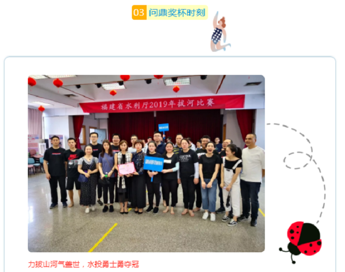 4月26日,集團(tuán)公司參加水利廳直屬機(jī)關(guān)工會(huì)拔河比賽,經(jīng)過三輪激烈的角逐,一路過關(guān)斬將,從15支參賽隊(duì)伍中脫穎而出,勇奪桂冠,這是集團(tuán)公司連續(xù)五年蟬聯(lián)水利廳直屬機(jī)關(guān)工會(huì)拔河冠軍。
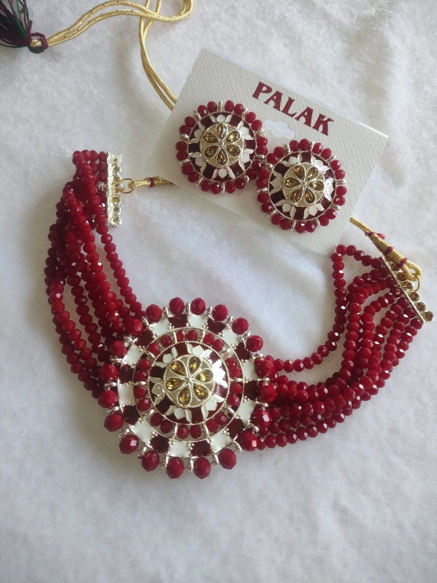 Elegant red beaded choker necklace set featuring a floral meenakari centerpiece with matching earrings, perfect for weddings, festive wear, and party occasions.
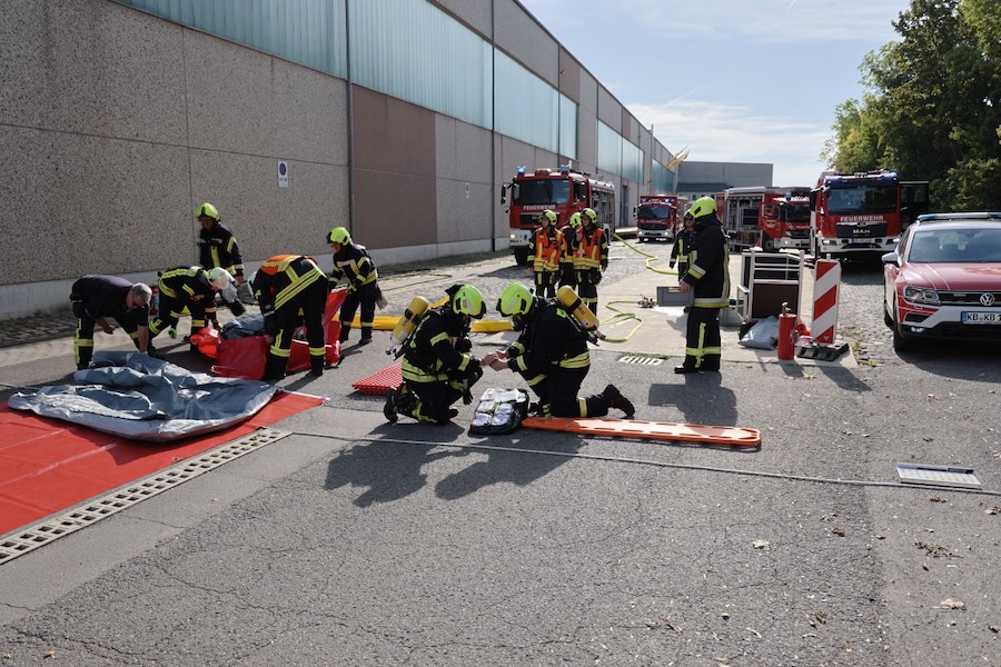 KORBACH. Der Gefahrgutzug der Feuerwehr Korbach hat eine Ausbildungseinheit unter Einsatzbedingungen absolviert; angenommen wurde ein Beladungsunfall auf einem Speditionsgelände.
--
■ Work to be completed ■
Write out the material exactly as it stands, omitting every picture.

■ Completed exercise ■
 4月26日,集團(tuán)公司參加水利廳直屬機(jī)關(guān)工會(huì)拔河比賽,經(jīng)過三輪激烈的角逐,一路過關(guān)斬將,從15支參賽隊(duì)伍中脫穎而出,勇奪桂冠,這是集團(tuán)公司連續(xù)五年蟬聯(lián)水利廳直屬機(jī)關(guān)工會(huì)拔河冠軍。
 Elegant red beaded choker necklace set featuring a floral meenakari centerpiece with matching earrings, perfect for weddings, festive wear, and party occasions.
 KORBACH. Der Gefahrgutzug der Feuerwehr Korbach hat eine Ausbildungseinheit unter Einsatzbedingungen absolviert; angenommen wurde ein Beladungsunfall auf einem Speditionsgelände.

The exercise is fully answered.